I love the "Master finish" of Gravity picks as well.. It just seems to play nicer for me.


----------



## peccary

I don't really ever use a pick on bass (except to practice palm mute picking), but when I strum on the acoustic I use the orange Dunlops.


----------



## spi

I've not settled on a specific pick.  Every time I play I just grab a different one from here:




There's tortex, ultex, nylon, and some other kinds as well.
As long as they're not too thick or thin, I tend to be OK with it.   I prefer picks to be 0.88 mm minimum and 1.5 mm max.  One exception might be the 2mm nylon stubby (not pictured--I dropped it somewhere), I like that one.  
I have one of those little red jazz picks, but I don't care for the size of that one, so rarely choose it.


----------



## boji

SillyOctpuss said:


> Jazz IIIs. I've been using them for about 12 years and anything else feels huge now.


Ditto. I've tried many flavors of Jazz III over the years: white tortex, black tortex, ultex, regular black 1.38, XL, max grip...
And I always go back to the ones I started with almost 30 years ago: the original red 1.38.


----------



## SillyOctpuss

boji said:


> Ditto. I've tried many flavors of Jazz III over the years: white tortex, black tortex, ultex, regular black 1.38, XL, max grip...
> And I always go back to the ones I started with almost 30 years ago: the original red 1.38.


Me too I've tried a bunch of the other Jazz III but always stick with the red 1.38 originals


----------



## Flying

Ultrex for me, usually a 88 or the Jazz XL.


----------



## droneshotfpv

SillyOctpuss said:


> Me too I've tried a bunch of the other Jazz III but always stick with the red 1.38 originals



For a while, a few years ago, I was "retraining" my pick holding, as I had allowed myself to get sloppy in my holding and picking. To do this, I started to use smaller picks, such as the small Jazz III's. It forced me to hold the pick a certain way to play what I liked to play. I was also able to go a little smaller even, but still somehwat similar to the Jazz III's, which is the Graph Tech TUSQ Tear drop picks. These suckers are SMALL... lol But also made from Synthetic TUSQ, like their nuts. Excellent plectrums if you like small sizes. They also sound like you dropped glass on the floor when they get dropped due to the synthetic bone material.


----------



## Username123

Try the John Petrucci dunlop pick pack. I am not a shredder, and I don't listen to John, but the picks are all exceptional. My favorite is the John Petrucci prime tone signature. Very small pick. Great for fast complex picking, like hysteria by muse.


----------



## finebyfine

Ultem Jazz IIIs or Jazz III XLs depending on how warmed up my fingers are. Haven't been able to use any other kind of plastic since I first tried ultem decades ago, they all just feel so wrong!


----------



## Username123

Dunlop flow are alright too. Not my cup of tea, because my favorite is 3 times smaller...


----------



## finebyfine

Username123 said:


> Love the jazz III shape.
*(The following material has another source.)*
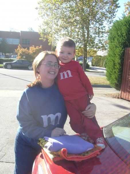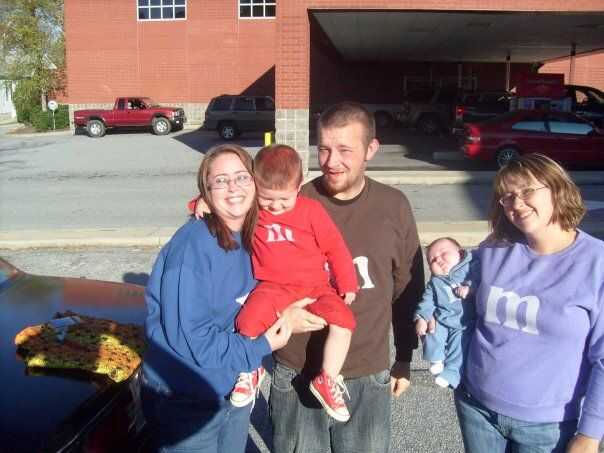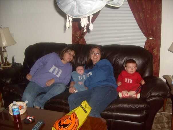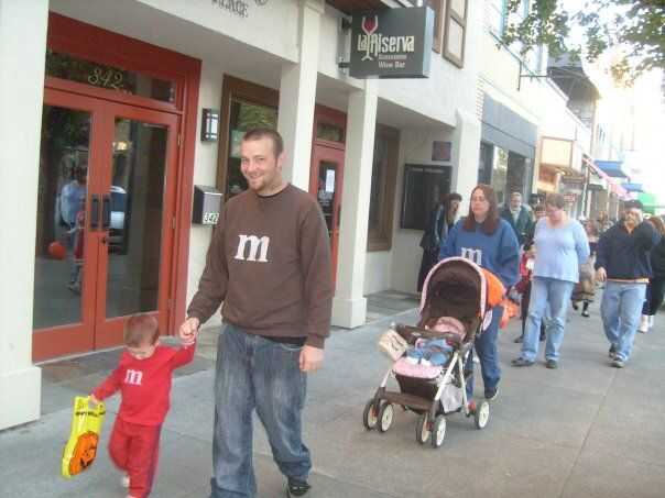 Esto es barato y fácil. He hecho camisas para mi esposo, hijo, hermana, sobrina y yo. No pudimos encontrar una camisa sólida en el tamaño de mi sobrina, así que consiguió una sudadera con capucha y el corte por la mitad y uno a cada lado de la cremallera. Todos juntos fuimos un "paquete de M & Ms".
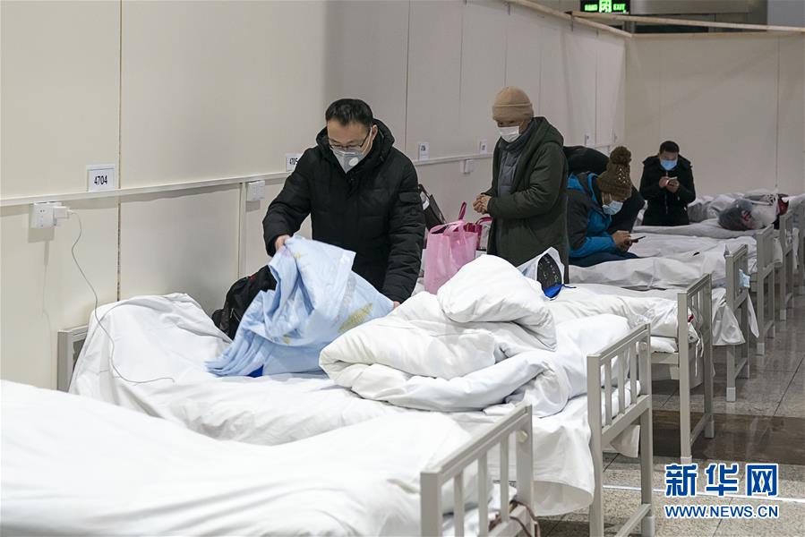 2月5日,患者在江汉方舱医院内。 当日22时,位于武汉市江汉区武汉国际会展中心的“方舱医院”正式启用,开始接收新型冠状病毒感染的肺炎轻症患者。这座“方舱医院”名为江汉方舱医院,床位数1600张。 新华社记者 熊琦 摄

Not trying to hijack, but D'addario black ice picks are great as well. My guitar teacher uses those. His advice is to go for a thicker pick. In his opinion, you should not go thinner than 1mm. He knows his stuff. Graduated Berklee with honors...



Those are delrin right? I hate how loyal I am to ultem/ultex/pei lol


----------



## Username123

finebyfine said:


> Those are delrin right? I hate how loyal I am to ultem/ultex/pei lol


Yup. I love ultex too. My absolute favorite picks are ultex. My first ever good pick was a .60mm ultex pick. Miss that thing. So good for strumming on acoustic. Don't really play acoustic very much anymore. Also would not go back to such a thin pick...


----------



## Cucurbitam0schata

I've been a historic picker (dunlop greens .88mm)... and a nail-biter. I've dabbled with a bit of finger picking, but it never sounded good because of the stumpy nubs. 

Upsides to the pandemic: I thought it was a good time to stop putting my fingers in my mouth. Finder picking with nails is so fun, but overcoming the muscle memory has been a challenge. Rewarding once things started to click/pick!


----------



## Nostradoomus

Dunlop 88 or 60 for strumming/folk/rock etc.

Dunlop 1.5 or 1.14 for metal.


----------



## SYLV9ST9R

I'm in the .88 club also, mainly nylon or tortex.
I had bought a Dunlop variety pack when I picked up the guitar again 3 years ago, and I'll also just reach for the nearest when nothing's in sight. That, or a Fender celluloid medium which I have a few lying around.


----------



## Coda

Dunlop Tortex Sharp...the yellow ones (.73mm). Robert Fripp recommended them for those looking for the Guitar Craft picks...


----------



## Feral Feline

Depends on what I'm playing. Starting out I liked paper-thin super flexible, then a friend turned me on to the joys of thicker picks, went up to 1.2, settled on 1mm for the longest time, have tried Hercos thumbpicks and Jazz III and ... variety is the spice of life.


Most recent pick used...







I was experimenting with 16th notes on my upright.
Before that I was experimenting once again with the "picks" used to open electronics...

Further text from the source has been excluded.